Is the function $\frac{e^z-1}{e^z+1}$ analytic?
I tried using $\mathop{\lim}\limits_{z\to a} \frac{f(z)-f(a)}{z-a}$, but I didnt really know what to use for $a$.
Is the function $\frac{e^z-1}{e^z+1}$ analytic?
I tried using $\mathop{\lim}\limits_{z\to a} \frac{f(z)-f(a)}{z-a}$, but I didnt really know what to use for $a$.

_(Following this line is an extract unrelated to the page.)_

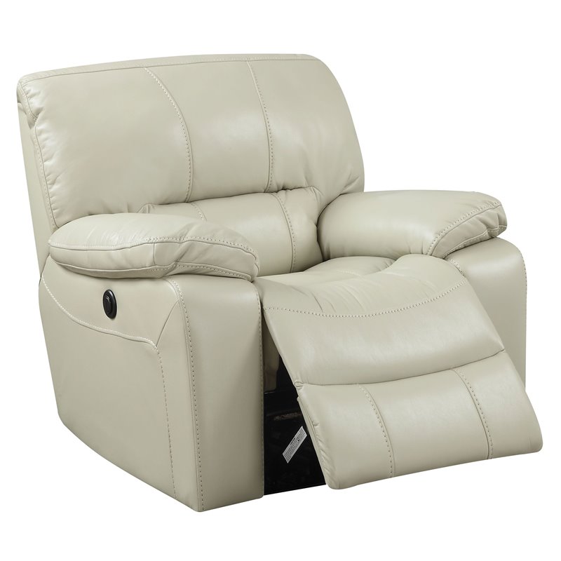 | ACME Furniture - Recliners - 59342 - The Kimberly power recliner offers comfort, style and value for any home. A smooth leather-aire upholstery provides relaxation from seat to toe with an easy to reach powered control for operating the reclining mechanism. Update your living room furniture with this comfortable, power reclining chair its great for any space and makes it perfect to relax, take a nap or read a book. Finish: Cream; Material: Leather-Aire, Frame: Polywood, Foam, Metal Reclining Mechanism w/Power Function; Power Motion: Reclining Function; Tight Back & Seat Cushion; Arm: Tight Pillow Top; Arm: Tight Pillow Top. Specifications:Overall Product Dimensions: 40H x 44W x 37D; Product Weight: 96 lbs; seat height:19; Weight Capacity: 275 lbs.

Yes, if $G$ is the set where the denominator is nonzero, then $f(z)=\frac{e^z-1}{e^z+1}$ is analytic on $G$. This is true because $e^z$ is analytic, constants are analytic, sums of analytic functions are analytic, and quotients of analytic functions are analytic away from zeros of the denominators (and the usual quotient rule for differentiation holds). The set where the denominator is $0$ is $\{(2n+1)\pi i:n\in\mathbb{Z}\}$, and $f$ has a simple pole at each point in this set.
if $z=i\pi$ we have problems with denominator because $e^z+1=e^{i\pi}+1=-1+1$ and remember thqt the exponencial function is a periodic function, then $\frac{e^z-1}{e^z+1}$ is not analytic in the point where $e^z+1=0$